An sf object representing candidate facility locations. Note: This problem does not use demand points.

n_facilities

Integer. Number of facilities to locate (p).

cost_matrix

Optional. Pre-computed inter-facility distance matrix.

distance_metric

Distance metric: "euclidean" (default) or "manhattan".

verbose

Logical. Print solver progress.

Value

An sf object (the facilities input) with a .selected column. Metadata includes min_distance (the objective value).

Details

The p-dispersion problem selects p facilities from a set of candidates such that the minimum pairwise distance between any two selected facilities is maximized. Unlike p-median or p-center, this problem does not consider demand points—it focuses solely on spreading facilities apart.

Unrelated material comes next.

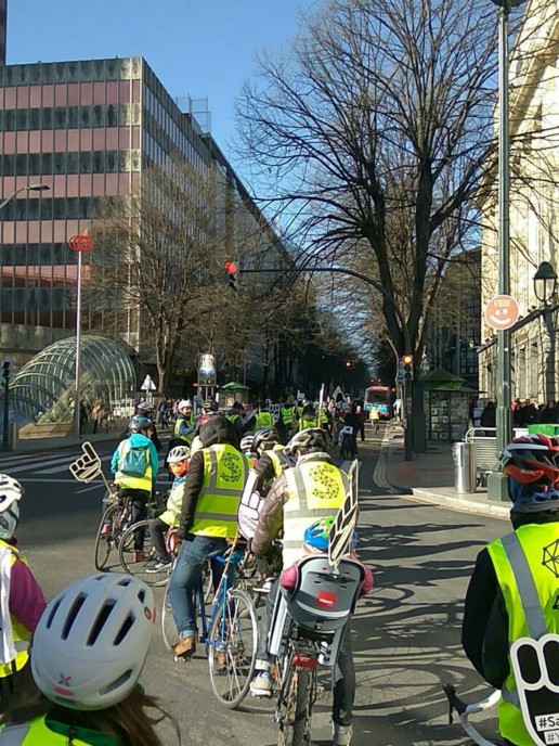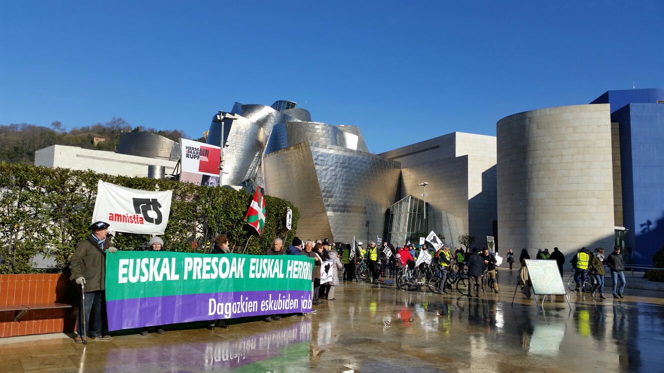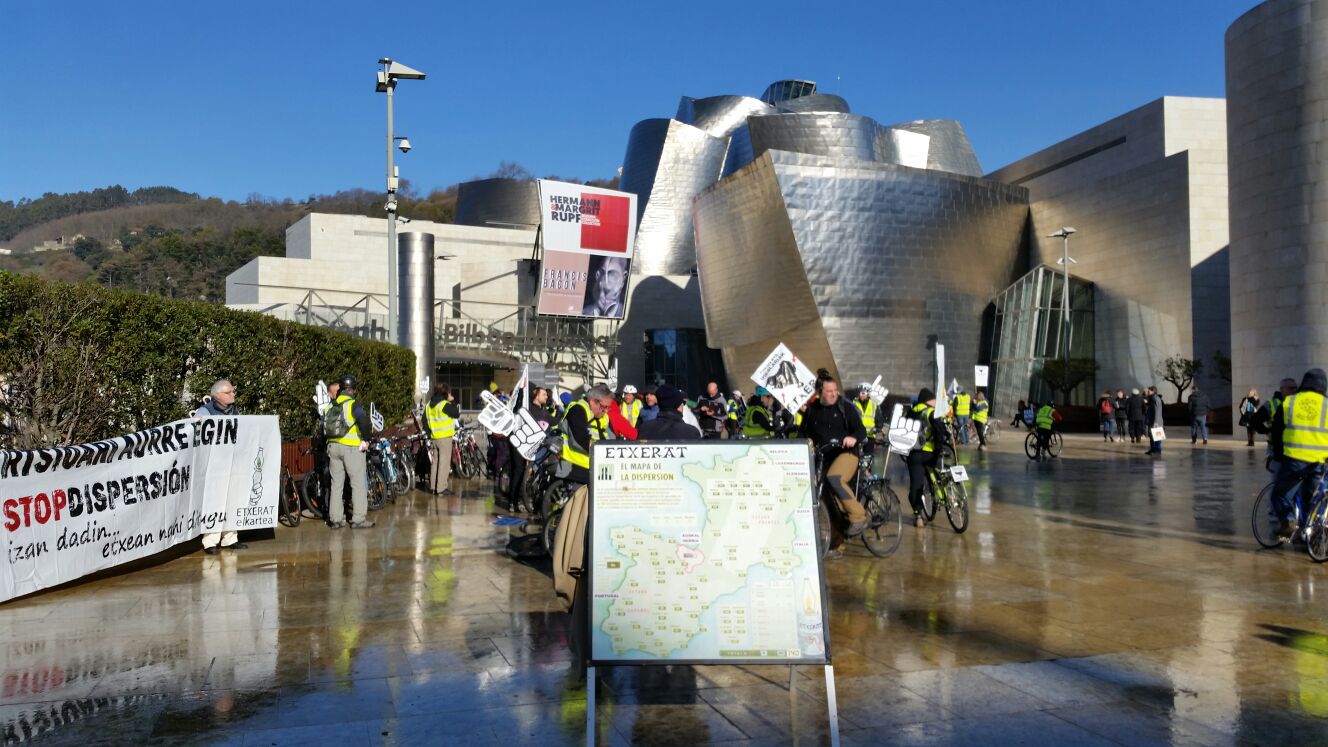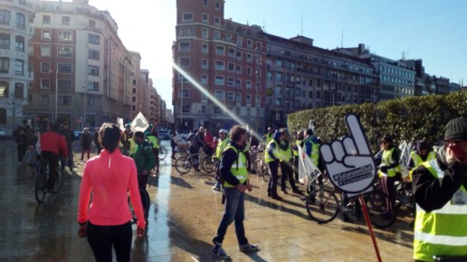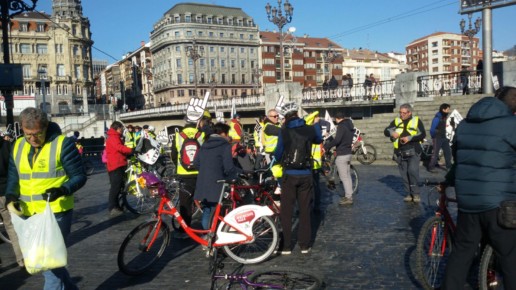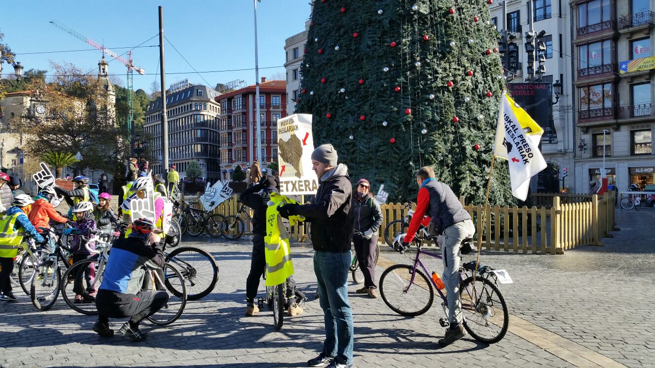 Euskal presoen eskubideen aldeko bizikleta martxa egin zuten Bilbon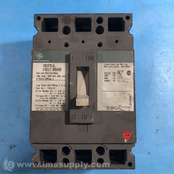 General Electric Ge TED134100WL Molded Case Circuit Breaker 3p 100a Amp 480v-ac

The mixed integer programming formulation uses a Big-M approach: $$\max D$$ Subject to: $$\sum_j y_j = p$$ $$D \leq d_{ij} + M(2 - y_i - y_j) \quad \forall i < j$$ $$y_j \in \{0,1\}, \quad D \geq 0$$

Where D is the minimum separation distance to maximize, \(d_{ij}\) is the distance between facilities i and j, \(y_j = 1\) if facility j is selected, and M is a large constant. When both facilities i and j are selected (\(y_i = y_j = 1\)), the constraint reduces to \(D \leq d_{ij}\), ensuring D is at most the distance between any pair of selected facilities.

Use Cases

P-dispersion is appropriate when facilities should be spread apart:

  • Obnoxious facilities: Hazardous waste sites, prisons, or other undesirable facilities that should be separated from each other

  • Franchise territories: Retail locations where stores should not cannibalize each other's market

  • Redundant systems: Backup servers or emergency caches that should be geographically distributed for resilience

  • Monitoring networks: Air quality sensors or seismic monitors that should cover distinct areas without overlap

  • Spatial sampling: Selecting representative sample locations that are well-distributed across a study area

References

Kuby, M. J. (1987). Programming Models for Facility Dispersion: The p-Dispersion and Maxisum Dispersion Problems. Geographical Analysis, 19(4), 315-329. doi:10.1111/j.1538-4632.1987.tb00133.x

Examples

if (FALSE) { # \dontrun{
library(sf)

facilities <- st_as_sf(data.frame(x = runif(20), y = runif(20)), coords = c("x", "y"))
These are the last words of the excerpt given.